# [Provided material]
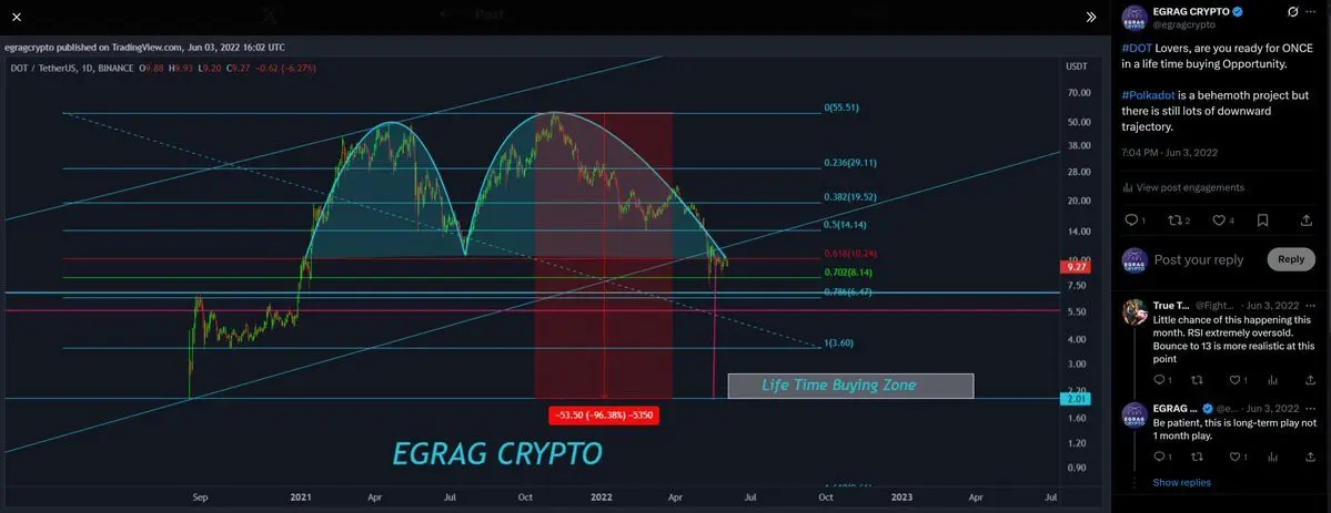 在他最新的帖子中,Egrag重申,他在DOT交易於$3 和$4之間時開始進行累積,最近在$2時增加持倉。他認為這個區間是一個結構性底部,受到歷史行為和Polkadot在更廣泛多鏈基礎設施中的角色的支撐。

--

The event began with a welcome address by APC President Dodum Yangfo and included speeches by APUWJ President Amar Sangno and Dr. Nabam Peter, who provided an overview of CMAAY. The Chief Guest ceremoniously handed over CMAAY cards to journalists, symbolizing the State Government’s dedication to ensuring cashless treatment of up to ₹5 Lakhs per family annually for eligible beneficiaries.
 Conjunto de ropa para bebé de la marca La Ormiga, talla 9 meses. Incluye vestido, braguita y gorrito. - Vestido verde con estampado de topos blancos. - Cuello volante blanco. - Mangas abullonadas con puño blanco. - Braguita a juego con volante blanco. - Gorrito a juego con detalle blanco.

==

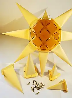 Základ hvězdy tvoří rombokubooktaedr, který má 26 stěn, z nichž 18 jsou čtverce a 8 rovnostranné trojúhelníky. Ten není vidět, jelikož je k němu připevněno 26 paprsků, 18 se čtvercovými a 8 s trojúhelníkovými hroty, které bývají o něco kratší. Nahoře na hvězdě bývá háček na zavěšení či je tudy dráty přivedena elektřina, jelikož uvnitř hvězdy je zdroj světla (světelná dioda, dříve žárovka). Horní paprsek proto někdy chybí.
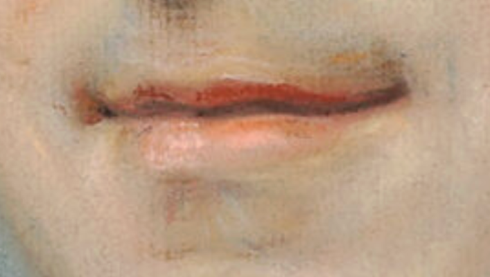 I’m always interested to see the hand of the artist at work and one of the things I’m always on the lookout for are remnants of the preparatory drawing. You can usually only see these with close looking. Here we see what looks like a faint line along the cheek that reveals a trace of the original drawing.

# [Task objective]
The answer should consist only of the lines above from the one with "Základ hvězdy tvoří" through the one with "I’m always interested", repeated exactly, with no pictures among them.

# [Your response]
 Základ hvězdy tvoří rombokubooktaedr, který má 26 stěn, z nichž 18 jsou čtverce a 8 rovnostranné trojúhelníky. Ten není vidět, jelikož je k němu připevněno 26 paprsků, 18 se čtvercovými a 8 s trojúhelníkovými hroty, které bývají o něco kratší. Nahoře na hvězdě bývá háček na zavěšení či je tudy dráty přivedena elektřina, jelikož uvnitř hvězdy je zdroj světla (světelná dioda, dříve žárovka). Horní paprsek proto někdy chybí.
 I’m always interested to see the hand of the artist at work and one of the things I’m always on the lookout for are remnants of the preparatory drawing. You can usually only see these with close looking. Here we see what looks like a faint line along the cheek that reveals a trace of the original drawing.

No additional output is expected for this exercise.